Sur l’eau, on voit la vie lentement à travers une autre
lentille. D’abord, on comprend vite que l’on est tous égaux, peu importe la
grosseur de notre bateau. La mer nous ramène vite sur le même palier, la menace des ouragans, tout autant. Les spectacles quotidiens, les merveilles
sous-marines s’offrent à nous, peu importe notre position dans la société. La
nature n’a pas de préférence, elle est là, tout simplement, pour tous ceux qui
osent lever le regard, et elle est là, tout le temps.
Parfois, elle se déchaine
et laisse de tristes paysages derrière elle, brouille l’eau et ses coraux, mais
si l’on est patient, elle s’offrira à nous à nouveau sous son plus beau jour.
Sur l’eau, on réalise vite qu’être avec ses enfants 24
heures sur 24, c’est merveilleux! On les connait réellement et on réalise
qu’ils apprennent tous différemment. Ce n’est pas toujours facile, parfois plus
difficile avec certains, mais c’est extraordinaire de trouver la clé pour les
aider à apprendre… d’autant plus que ce sont souvent eux qui en ont beaucoup à
nous apprendre.
On constate qu’après la pluie, vient vraiment le beau temps…
mais qu’il faut se méfier du calme… car, oui, l’expression le calme avant la
tempête n’existe pas sans raison… et qu’il faut avoir confiance en son
équipage, soit ses enfants et son partenaire de vie. Car on prend des bonnes
décisions, mais parfois aussi des mauvaises, mais on est tous dans le même
bateau… et on doit assumer ses décisions et affronter les conséquences. Malgré les moments difficiles, il est fascinant de voir la mobilisation de tous dans
ces situations.
Et malgré les hauts et les bas de la vie, on ne peut pas
déprimer très longtemps, car lorsqu’on regarde tout autour, on prend conscience du
privilège que l’on a de vivre sur une telle planète. La beauté se trouve
partout, mais parfois on ne la voit pas du premier coup d’œil. Si l’on passe
trop vite, on manque tout du spectacle. On apprend aussi qu’avec la patience,
l’impossible devient possible, par exemple nager avec des dauphins en liberté, ou encore avec des tortues, avoir un spectacle de feux d'artifice unique en son genre... ou encore terminer sa quatrième année avec une langouste comme trophée.
On prend conscience que les gens qui nous entourent ont tous
quelque chose à nous apprendre, tous sans exception. Chaque rencontre nous fait
évoluer. Les jugements n’ont plus leur place. Et l’on réalise que l’humain est
extraordinaire… et que l’on n’a tellement pas besoin de vivre dans une
« boite », que les chemins possibles sont nombreux, certains semés
d’embûches, d’autres plus faciles, mais que rien ne nous empêche réellement
d’aller où l’on veut. Seulement, nous devons respecter la nature et ses
éléments. Ils sont nos plus grands guides.

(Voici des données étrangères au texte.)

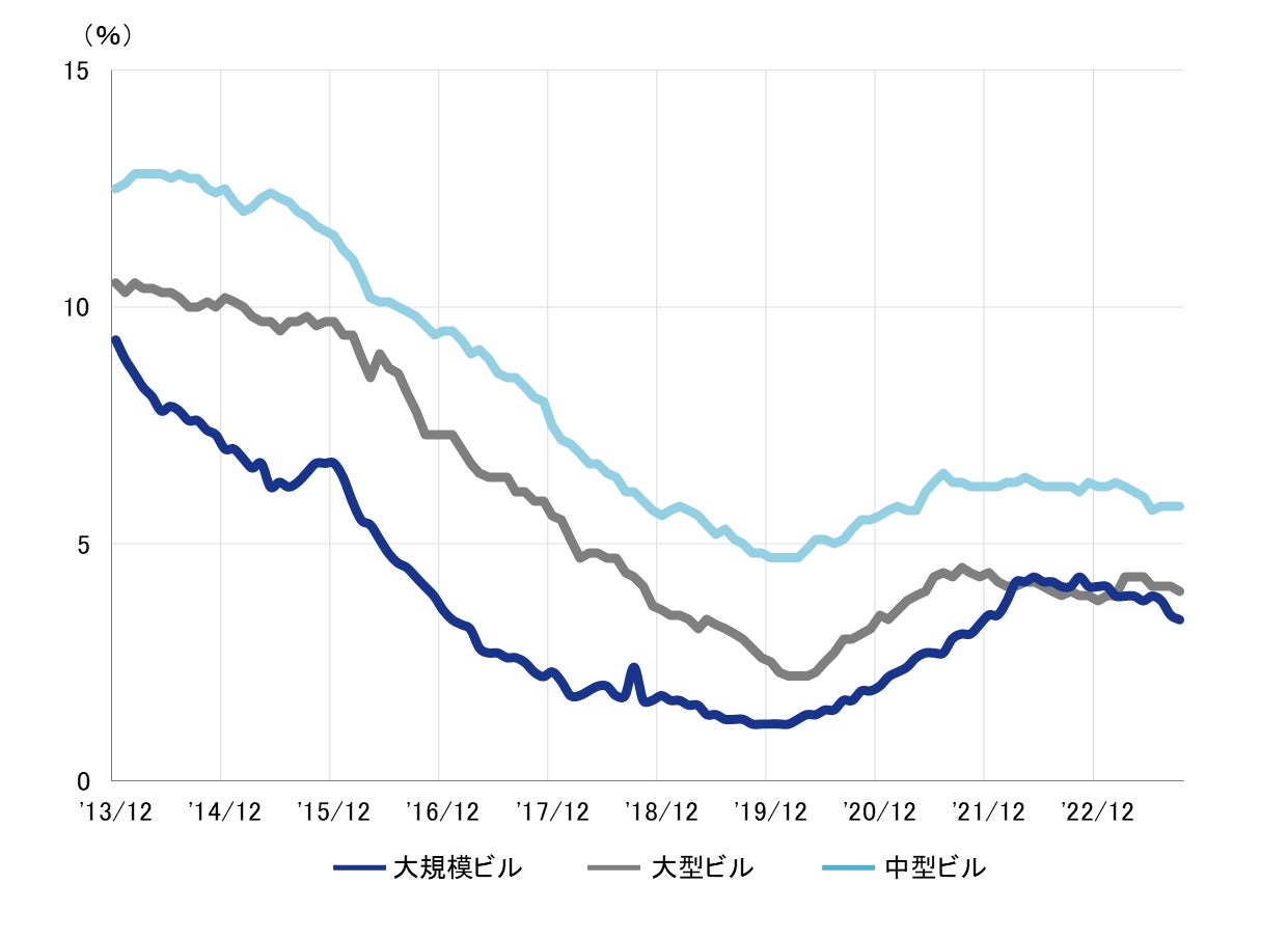 規模別 空室率:「大型」低下し、3%台が目前に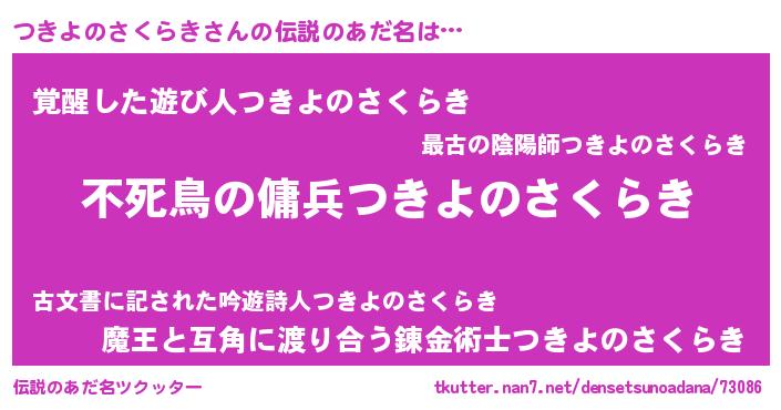 | 女子向けラノベタイトル風あだ名 | 『つきよのさくらき姫と円卓の騎士』 |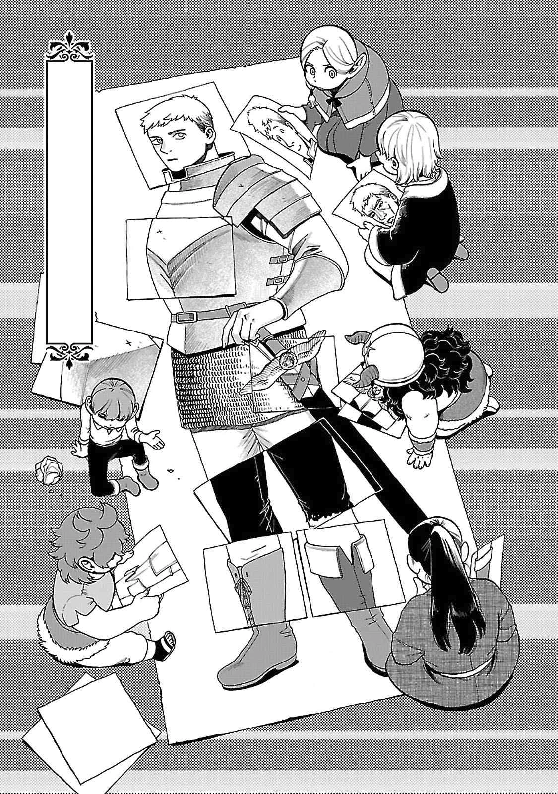 The party, following a trail of Falin's blood, continues downwards to the sixth level of the dungeon. Once they reach the sixth level, they discover that the previously hot level has suddenly become very cold. Since the snow has made tracking Falin's trail impossible, the party decides to head for the place where they were previously wiped out by the Red Dragon. Laios reveals that he has seen the Lunatic Magician before, in one of the Living Paintings, and reveals his plan to deal with them.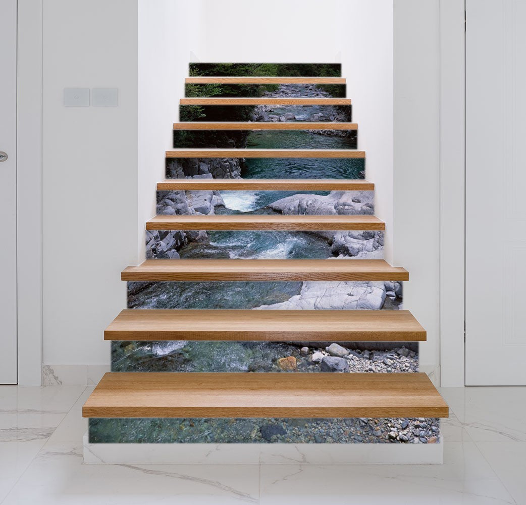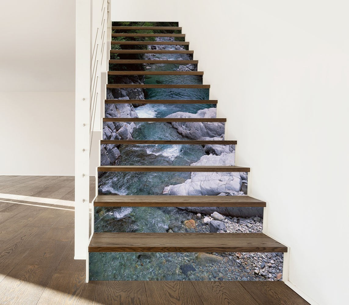 Stream Rock Nature Mountain Blue Stair Riser Decals, Waterproof Removable Staircase Decals, Vinyl Peel And Stick Stairs Decal Stickers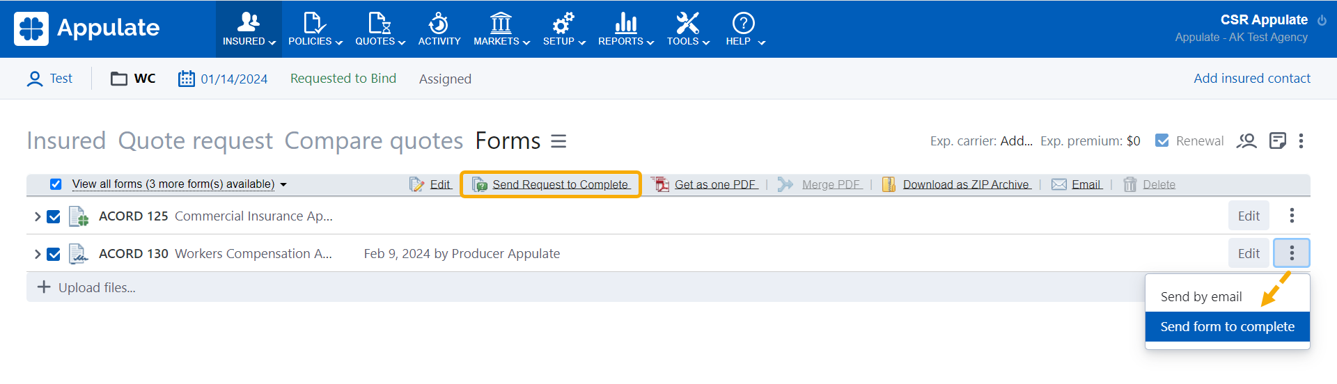 Appulate allows you to send forms (ACORD and Supplementals) to the insured or others by email. The following actions are available for quote requests: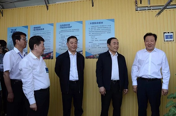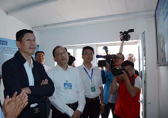 ▲農(nóng)業(yè)農(nóng)村部總農(nóng)藝師馬愛(ài)國(guó)(左一)天津市農(nóng)村工作委員會(huì)主任、黨委書(shū)記沈欣(左二)大禹節(jié)水集團(tuán)黨委書(shū)記王沖(左三)觀看溫室信息管理系統(tǒng)
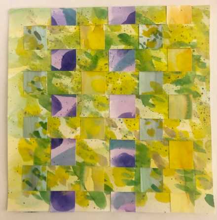 Watercolour on paper strips, woven together, 21 x 21 cm, unframed. Imogen is a communication specialist who advocates and advises on climate change and sustainability, and mum to Annika, Ryan, and Suzanna at BNWPS.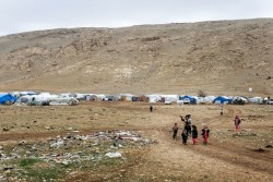 シンジャルの山に入ると、気温が下がっていくのが分かりました。そして、不毛な大地に建てられた1,700世帯の避難民たちの仮設テントを襲う、荒々しい突風が私たちを出迎えました。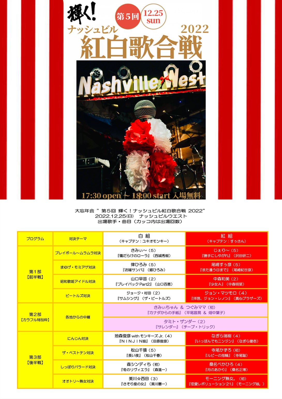 | 2022年12月25日(日) 大忘年会 ”第5回 輝く!ナッシュビル紅白歌合戦 2022” | ||

Pourtant, sur terre, la nature
disparait de plus en plus derrière des maisons toujours plus grandes, des
bâtisses toujours plus hautes, la pollution sous toutes ses facettes…
Et voilà que notre société au grand complet vit en
confinement, un peu comme dans un bateau. Je souhaite de tout cœur que la
situation se résorbe rapidement, que ce virus ne fasse pas trop de dommages,
que l’on réussisse à le dompter, qu’on trouve un remède… mais j’espère de tout
cœur que l’on se souviendra… que l’on se souviendra que c’est bien de prendre
son temps, que les enfants peuvent apprendre de mille et une façons, qu’on n’a
pas besoin de consommer à outrance, que la nature est merveilleuse et toujours
présente pour nous. Bref, j’espère que ce ralentissement planétaire aura
davantage de positif que de négatif pour chacun d'entre nous.